The cause of the high intra-hypoxic mortality, noted at 150 mg/kg/dose, is unknown. In mice, single pentoxifylline doses of 200 mg/kg are well tolerated, whereas apparent neurotoxicity and death follow a 400 mg/kg dose (37). P7 rats that died became apneic, with no visible seizures preceding apnea. Assisted ventilation to prevent apnea is not feasible in P7 rats because of their small size. Alternatively, increased mortality could have resulted from hypotension; blood pressure cannot be monitored because of their small size. Similar mortality was noted in experiments to evaluate the effect of pentoxifylline on N-methyl-D-aspartate neurotoxicity in P7 rats (F. S. Silverstein, personal communication); thus these detrimental effects are unlikely to be directly related to an interaction with systemic hypoxemia.
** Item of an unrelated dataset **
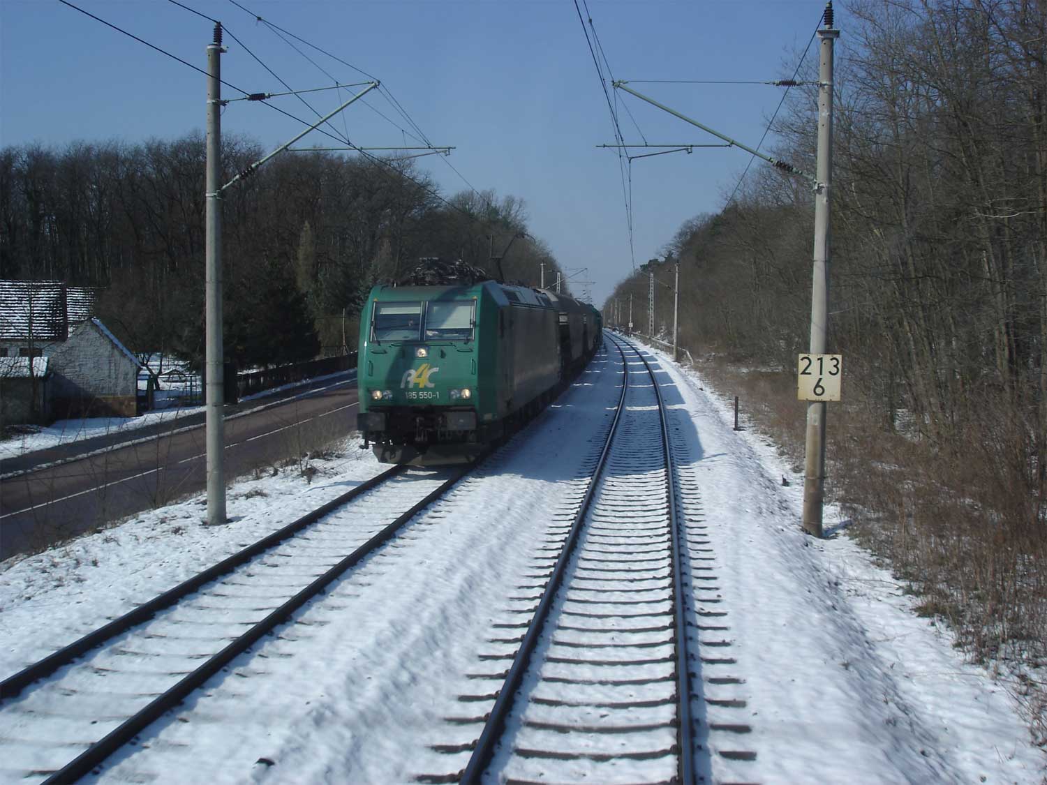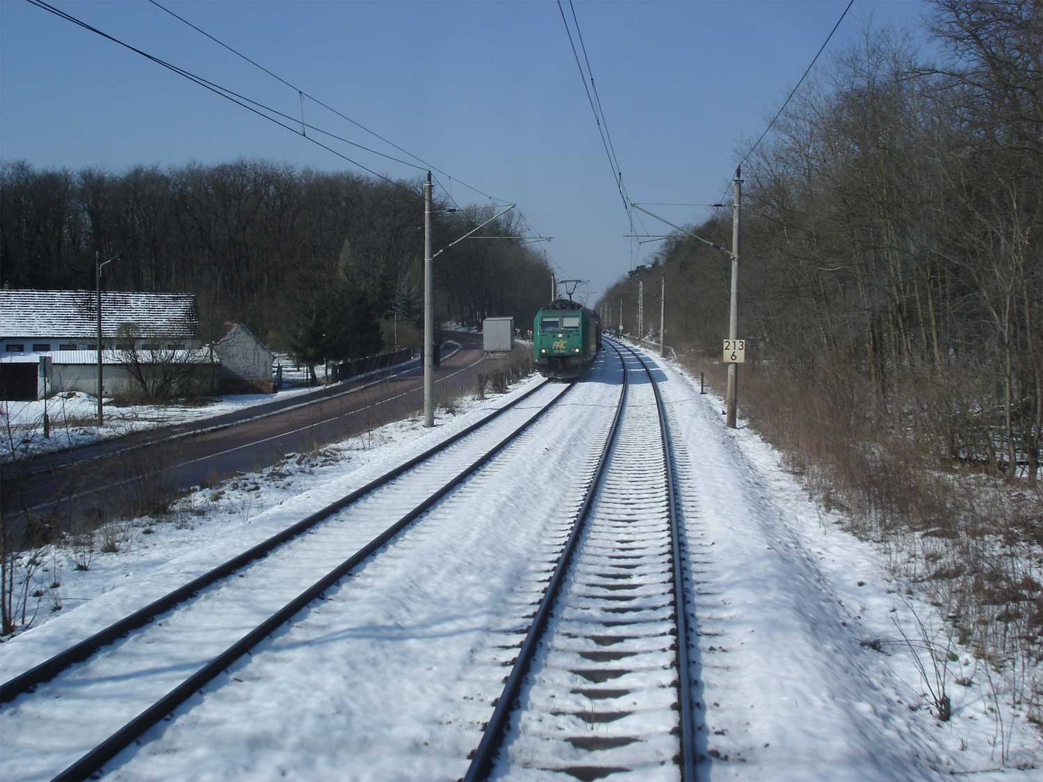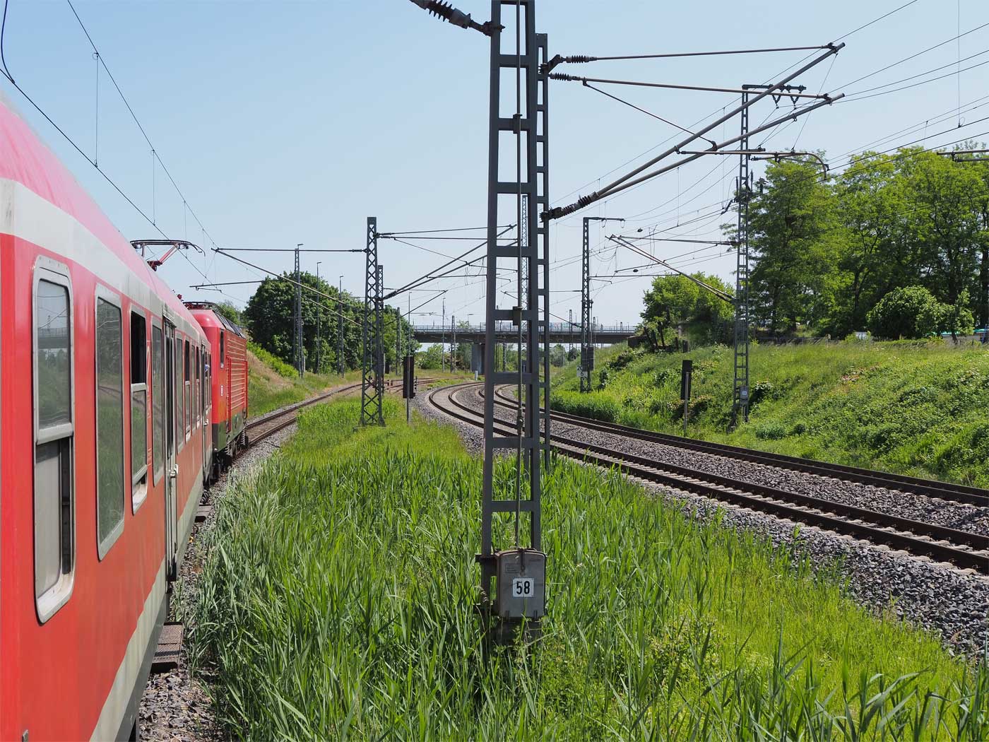 km 232,6 (hinter dem Oberleitungsmast) gehört zum Streckenast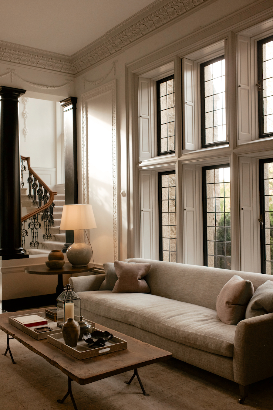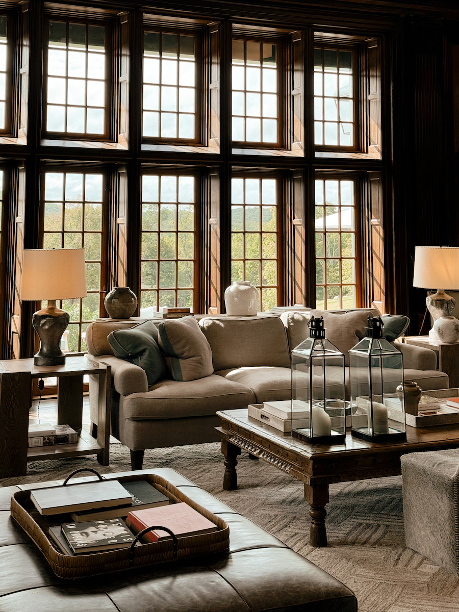 As evident from the photos, the history of this building is undeniable—the original molding, grand wrought iron staircase, and those stunning historic floors already set a breathtaking stage. But when Steven Gambrel, the interior designer for the newly restored Ranch Hudson Valley, stepped in, things reached a whole new level. Gambrel brought his signature approach of blending timeless elegance with modern flair to each room. The entryway and grand staircase immediately impress, while the grand room, now an exercise space, features a hearth fireplace, coffered ceilings, and massive windows that let in all that glorious natural light. The solarium-turned-dining room creates a perfect spot for farm-to-table meals, and the living room with its cozy fireplace and board games is the ultimate invitation to unwind and stay a while. Gambrel’s ability to mix the building’s historic bones with fresh, inviting decor makes this retreat a place where history and wellness harmonize beautifully!

Clinical trials of pentoxifylline as an adjunctive therapy in critically ill neonates and adults have not raised concerns about adverse side effects of pentoxifylline. Results of recent clinical trials suggest that pentoxifylline treatment may decrease mortality and morbidity associated with neonatal bacterial sepsis (53) and may attenuate multi-organ failure after cardiothoracic surgery in adults (54). Thus pentoxifylline might be suitable for clinical trial as a human neuroprotective agent in carefully selected patients at high risk of cerebral hypoxic or ischemic injury.

In conclusion, our results add to the growing body of evidence supporting the hypothesis that inflammatory mediators play a pathogenetic role in hypoxic-ischemic injury to the immature brain. Several strategies to interrupt the inflammatory cascade have proven effective in decreasing the severity of neonatal hypoxic-ischemic brain injury in experimental animals. These therapies have not yet reached clinical practice. Pretreatment with pentoxifylline may offer an effective means to decrease the incidence and severity of hypoxic-ischemic injury to the immature brain. Prophylactic treatment may be feasible in infants identified as having a high risk of cerebral hypoxia-ischemia—for example, infants undergoing heart-lung bypass for surgical repair of congenital cardiac defects or extracorporeal membrane oxygenation.